■ Problem statement: Below are some records; repeat them all exactly, minus the pictures.
• • •
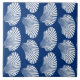 Carrelage en céramique dans un motif d'impression en bloc, basé sur une coquille de pétoncle, en blanc sur un arrière - plan bleu marine / indigo
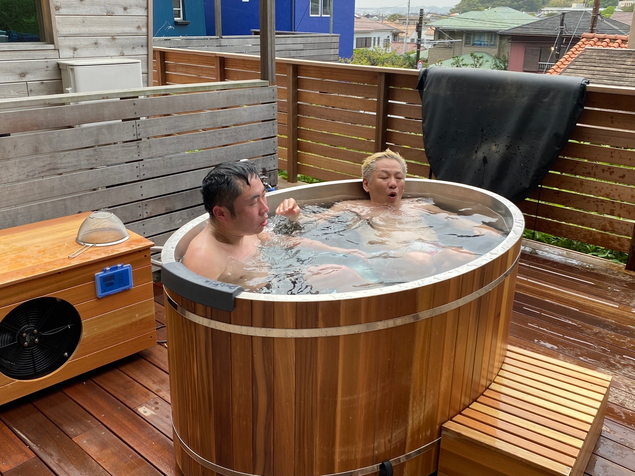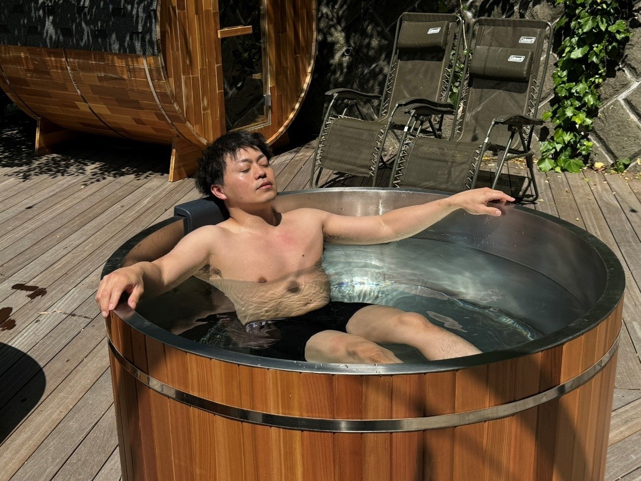 神奈川県葉山町の展示場での様子(バレルサウナ、チラー水風呂)
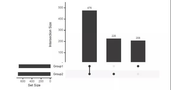 圖1. upset示例,展示Group1/Group2兩組組間共有和特有元素的數量
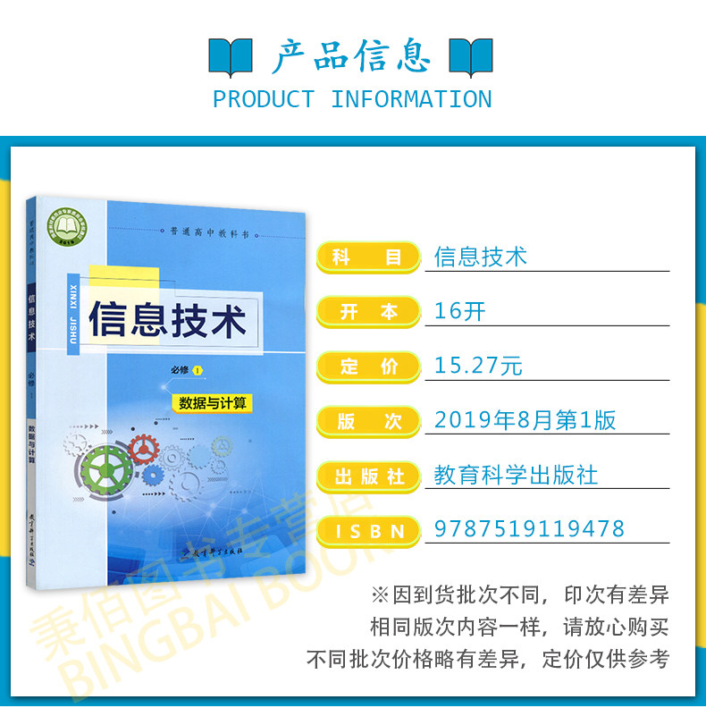 📚 正版 新版 教科版信息技术书必修1 数据与计算 教材课本教科书 教育科学出版社高一学生用书信息技术必修一 信息技术书必修1 无盘
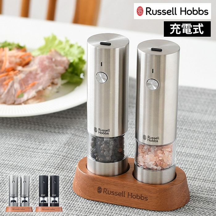 Russell Hobbs ラッセルホブス 充電式ミル ソルト&ペッパー ミニ 2本セット 電動ミル スパイスミル ペッパーミル 専用スタンド付 ワンプッシュ 電池不要 片手 岩塩 ペッパー 胡椒
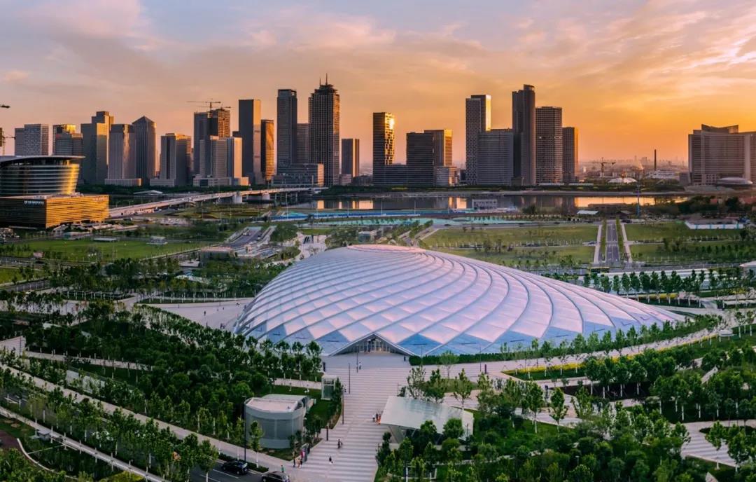 從濱海站望去,周圍是高樓林立的商務區,中間是全地下高鐵站房上設計下沉式休閑公園綠化,只有穹頂位于地面以上,猶如海河畔鑲嵌了一枚銀色的貝殼,整體美景渾然天成。
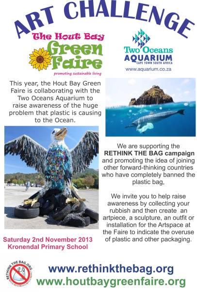 Staff from the Two Oceans Aquarium will also be present for a fun and important art challenge – help us raise awareness about the overuse of plastic and other packaging by building a sculpture out of collected rubbish! Get creative ... make a sculpture, outfit, installation or art piece to be displayed at the Artspace at the Faire, and help us spread an important conservation message. Hayley McLellan, who started the Rethink the Bag campaign, will also be present to talk about the severe damage that is being done to our oceans due to the single-use plastic bag.
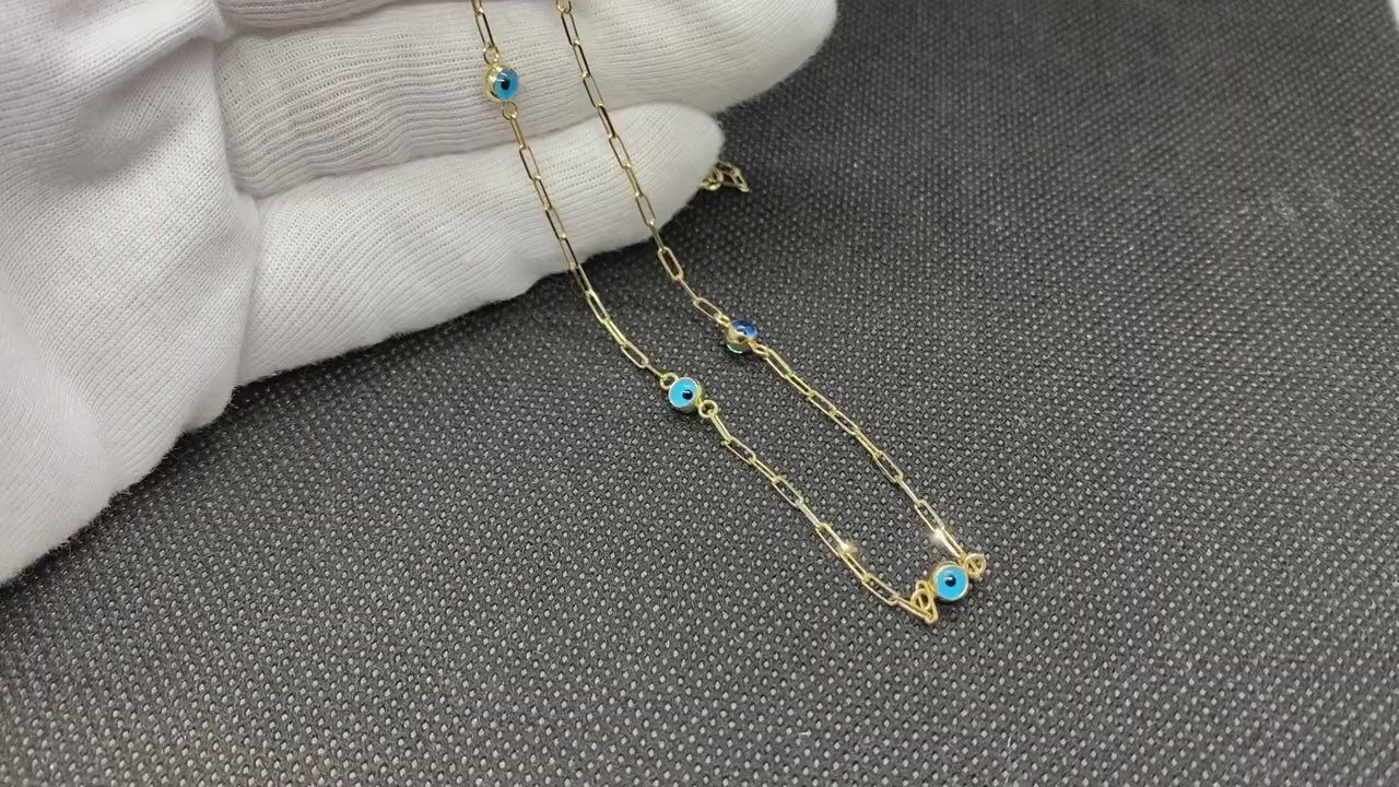 - Beaded evil eye necklace for women is made with high quality 14K solid gold paperclip chain.
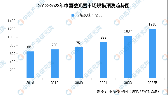 激光器市場規(guī)模增長,并在醫(yī)學(xué)領(lǐng)域扮演著重要角色隨著現(xiàn)代制造業(yè)朝著自動化、智能化的方向發(fā)展,5G商業(yè)化應(yīng)用程度不斷加深,半導(dǎo)體及光學(xué)、顯示和消費(fèi)電子等行業(yè)都處于持續(xù)增長狀態(tài),激光設(shè)備的需求持續(xù)增加,進(jìn)而帶動著激光器行業(yè)快速發(fā)展。中商產(chǎn)業(yè)研究院發(fā)布的《2023-2029年中國激光器市場前景及投資機(jī)會研究報(bào)告》顯示,2022年中國激光器市場規(guī)模達(dá)到1037億元,同比增長16.78%。中商產(chǎn)業(yè)研究院分析師預(yù)測,2023年中國激光器市場規(guī)模增至1210億元。
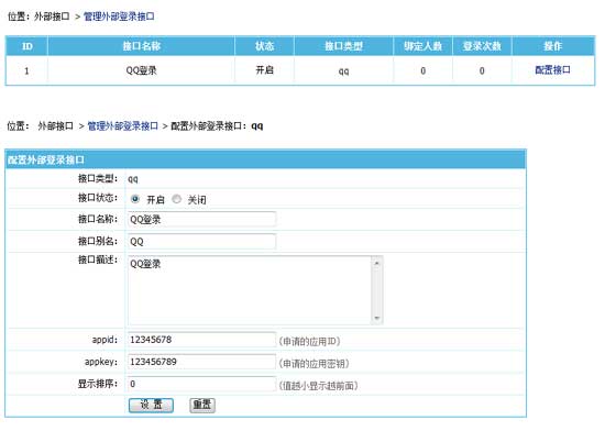 發布7.0時,將率先提供QQ登錄接口(插件方式),其他接口用戶也可以參考默認QQ接口自行增加。
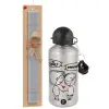 Τι έχεις? Τίποτα!, Easter Set, metallic silver aluminum water bottle (500ml) & aromatic flat Easter candle (30cm) (GRAY)
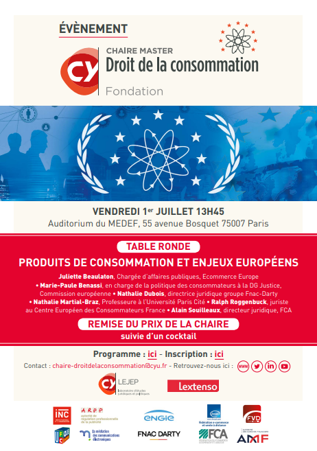 L’événement organisé par la Chaire-Droit de la consommation, se déroulera le vendredi 1er juillet 2022 (à partir de 13h45) dans l’auditorium du MEDEF (55 avenue Bosquet, 75007 Paris) sur le thème « Produits de consommation et enjeux européens », premier événement public de la Chaire qui se tiendra en présentiel !
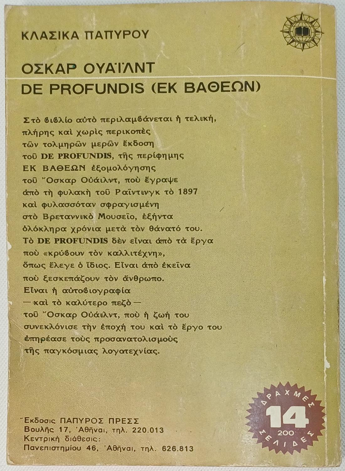 Το βιβλίο “De Profundis” του Όσκαρ Ουάιλντ, μέρος της σειράς «Κλασικά Παπύρου». Το έργο αποτελεί μία εκτενή, αυτοεξομολογητική επιστολή που συνέγραψε ο Ουάιλντ το 1897 κατά τη διάρκεια της φυλάκισής του, απευθυνόμενος στον πρώην εραστή του, Λόρδο Άλφρεντ Ντάγκλας. Σε αυτήν, ο συγγραφέας αναλύει τους παράγοντες που οδήγησαν στην πτώση του, τη σχέση τους, και διαλογίζεται πάνω στα δεινά, την τέχνη και τη ζωή, καθιστώντας το ένα από τα σημαντικότερα αυτοβιογραφικά κείμενα της παγκόσμιας λογοτεχνίας.
• • •
■ Your response:
 Carrelage en céramique dans un motif d'impression en bloc, basé sur une coquille de pétoncle, en blanc sur un arrière - plan bleu marine / indigo
 神奈川県葉山町の展示場での様子(バレルサウナ、チラー水風呂)
 圖1. upset示例,展示Group1/Group2兩組組間共有和特有元素的數量
 📚 正版 新版 教科版信息技术书必修1 数据与计算 教材课本教科书 教育科学出版社高一学生用书信息技术必修一 信息技术书必修1 无盘
 Russell Hobbs ラッセルホブス 充電式ミル ソルト&ペッパー ミニ 2本セット 電動ミル スパイスミル ペッパーミル 専用スタンド付 ワンプッシュ 電池不要 片手 岩塩 ペッパー 胡椒
 從濱海站望去,周圍是高樓林立的商務區,中間是全地下高鐵站房上設計下沉式休閑公園綠化,只有穹頂位于地面以上,猶如海河畔鑲嵌了一枚銀色的貝殼,整體美景渾然天成。
 Staff from the Two Oceans Aquarium will also be present for a fun and important art challenge – help us raise awareness about the overuse of plastic and other packaging by building a sculpture out of collected rubbish! Get creative ... make a sculpture, outfit, installation or art piece to be displayed at the Artspace at the Faire, and help us spread an important conservation message. Hayley McLellan, who started the Rethink the Bag campaign, will also be present to talk about the severe damage that is being done to our oceans due to the single-use plastic bag.
 - Beaded evil eye necklace for women is made with high quality 14K solid gold paperclip chain.
 激光器市場規(guī)模增長,并在醫(yī)學(xué)領(lǐng)域扮演著重要角色隨著現(xiàn)代制造業(yè)朝著自動化、智能化的方向發(fā)展,5G商業(yè)化應(yīng)用程度不斷加深,半導(dǎo)體及光學(xué)、顯示和消費(fèi)電子等行業(yè)都處于持續(xù)增長狀態(tài),激光設(shè)備的需求持續(xù)增加,進(jìn)而帶動著激光器行業(yè)快速發(fā)展。中商產(chǎn)業(yè)研究院發(fā)布的《2023-2029年中國激光器市場前景及投資機(jī)會研究報(bào)告》顯示,2022年中國激光器市場規(guī)模達(dá)到1037億元,同比增長16.78%。中商產(chǎn)業(yè)研究院分析師預(yù)測,2023年中國激光器市場規(guī)模增至1210億元。
 發布7.0時,將率先提供QQ登錄接口(插件方式),其他接口用戶也可以參考默認QQ接口自行增加。
 Τι έχεις? Τίποτα!, Easter Set, metallic silver aluminum water bottle (500ml) & aromatic flat Easter candle (30cm) (GRAY)
 L’événement organisé par la Chaire-Droit de la consommation, se déroulera le vendredi 1er juillet 2022 (à partir de 13h45) dans l’auditorium du MEDEF (55 avenue Bosquet, 75007 Paris) sur le thème « Produits de consommation et enjeux européens », premier événement public de la Chaire qui se tiendra en présentiel !
 Το βιβλίο “De Profundis” του Όσκαρ Ουάιλντ, μέρος της σειράς «Κλασικά Παπύρου». Το έργο αποτελεί μία εκτενή, αυτοεξομολογητική επιστολή που συνέγραψε ο Ουάιλντ το 1897 κατά τη διάρκεια της φυλάκισής του, απευθυνόμενος στον πρώην εραστή του, Λόρδο Άλφρεντ Ντάγκλας. Σε αυτήν, ο συγγραφέας αναλύει τους παράγοντες που οδήγησαν στην πτώση του, τη σχέση τους, και διαλογίζεται πάνω στα δεινά, την τέχνη και τη ζωή, καθιστώντας το ένα από τα σημαντικότερα αυτοβιογραφικά κείμενα της παγκόσμιας λογοτεχνίας.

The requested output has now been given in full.